▸ **DATA EXTRACT**:
⁂

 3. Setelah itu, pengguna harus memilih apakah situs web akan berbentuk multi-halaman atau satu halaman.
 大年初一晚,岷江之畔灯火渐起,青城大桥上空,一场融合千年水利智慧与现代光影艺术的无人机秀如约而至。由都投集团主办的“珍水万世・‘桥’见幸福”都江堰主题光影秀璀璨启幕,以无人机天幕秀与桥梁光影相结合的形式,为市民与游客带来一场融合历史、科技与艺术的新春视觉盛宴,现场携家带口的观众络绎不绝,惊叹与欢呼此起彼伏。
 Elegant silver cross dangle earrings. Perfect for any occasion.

⁂

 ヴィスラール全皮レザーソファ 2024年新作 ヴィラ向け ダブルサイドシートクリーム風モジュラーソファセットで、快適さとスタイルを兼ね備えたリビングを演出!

⁂

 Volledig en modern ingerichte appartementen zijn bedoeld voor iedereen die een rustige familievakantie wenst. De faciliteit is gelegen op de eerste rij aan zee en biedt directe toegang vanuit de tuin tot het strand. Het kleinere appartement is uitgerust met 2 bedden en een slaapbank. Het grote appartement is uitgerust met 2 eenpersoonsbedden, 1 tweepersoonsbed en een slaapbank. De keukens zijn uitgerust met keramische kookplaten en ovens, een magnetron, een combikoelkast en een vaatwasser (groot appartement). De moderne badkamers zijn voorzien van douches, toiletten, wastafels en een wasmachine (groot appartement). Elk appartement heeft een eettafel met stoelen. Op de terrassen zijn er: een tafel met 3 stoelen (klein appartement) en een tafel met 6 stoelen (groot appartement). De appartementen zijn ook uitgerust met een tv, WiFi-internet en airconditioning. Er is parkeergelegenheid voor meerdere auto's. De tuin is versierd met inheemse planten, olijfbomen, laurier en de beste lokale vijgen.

⁂

▸ **PROBLEM REQUIREMENTS**: Only the lines above starting at the one containing "大年初一晚,岷江之畔灯火渐起" and ending at the one containing "Elegant silver cross", both included, are to be returned, exactly as they read.

▸ **SOLUTION BELOW**:
 大年初一晚,岷江之畔灯火渐起,青城大桥上空,一场融合千年水利智慧与现代光影艺术的无人机秀如约而至。由都投集团主办的“珍水万世・‘桥’见幸福”都江堰主题光影秀璀璨启幕,以无人机天幕秀与桥梁光影相结合的形式,为市民与游客带来一场融合历史、科技与艺术的新春视觉盛宴,现场携家带口的观众络绎不绝,惊叹与欢呼此起彼伏。
 Elegant silver cross dangle earrings. Perfect for any occasion.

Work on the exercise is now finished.